In [None]:
import pandas as pd
import json
import datetime
import time
import os
import numpy as np
import lightgbm as lgb
from config import DATA_WEATHER_RAW_MAIN_FILE, DATA_WEATHER_RAW_AUXILIARY_FILE, DATA_BIM_RAW_FOLDER
from lgbm_imputer import imputer
import matplotlib

In [None]:
#get main weather data
weather_data = pd.read_csv(DATA_WEATHER_RAW_MAIN_FILE)
weather_data['timestamp'] = pd.to_datetime(weather_data['timestamp'])
weather_data = weather_data.replace(-999, np.nan)
weather_data

In [None]:
#get main weather data
secondary_data = pd.read_csv(DATA_WEATHER_RAW_AUXILIARY_FILE)
secondary_data['timestamp'] = pd.to_datetime(weather_data['timestamp'])
secondary_data = secondary_data.replace(-999, np.nan)
secondary_data

In [None]:
earliest_date = '2018-01-01 00:00:00'
latest_date = '2019-12-31 23:00:00'

In [None]:
#insert all the missing dates from the earliest date.
init_cols = weather_data.columns.tolist()
df_clean = weather_data.set_index('timestamp', drop=False).sort_index()

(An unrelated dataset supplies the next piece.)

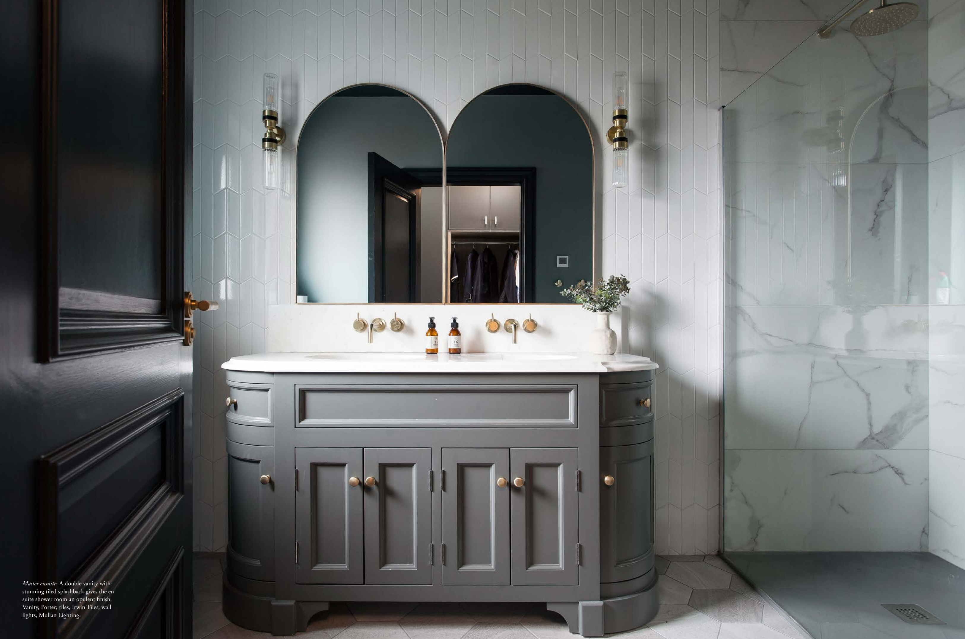
Master ensuite. A double vanity with stunning tiled splashback gives the ensuite shower room an opulent finish. Vanity, Porter; tiles, Irwin Tiles; wall lights, Mullan Lighting.

# construct full index w/o missing dates
full_index = pd.date_range(start=earliest_date, end=latest_date, freq='H')
df = df_clean.reindex(full_index)
df['timestamp'] = df.index
df.reset_index(drop=True, inplace=True)
df = df[init_cols]
df['RH (%)'].plot()

In [None]:
#insert all the missing dates from the earliest date for the auxiliary one
init_cols = secondary_data.columns.tolist()
df_clean = secondary_data.set_index('timestamp', drop=False).sort_index()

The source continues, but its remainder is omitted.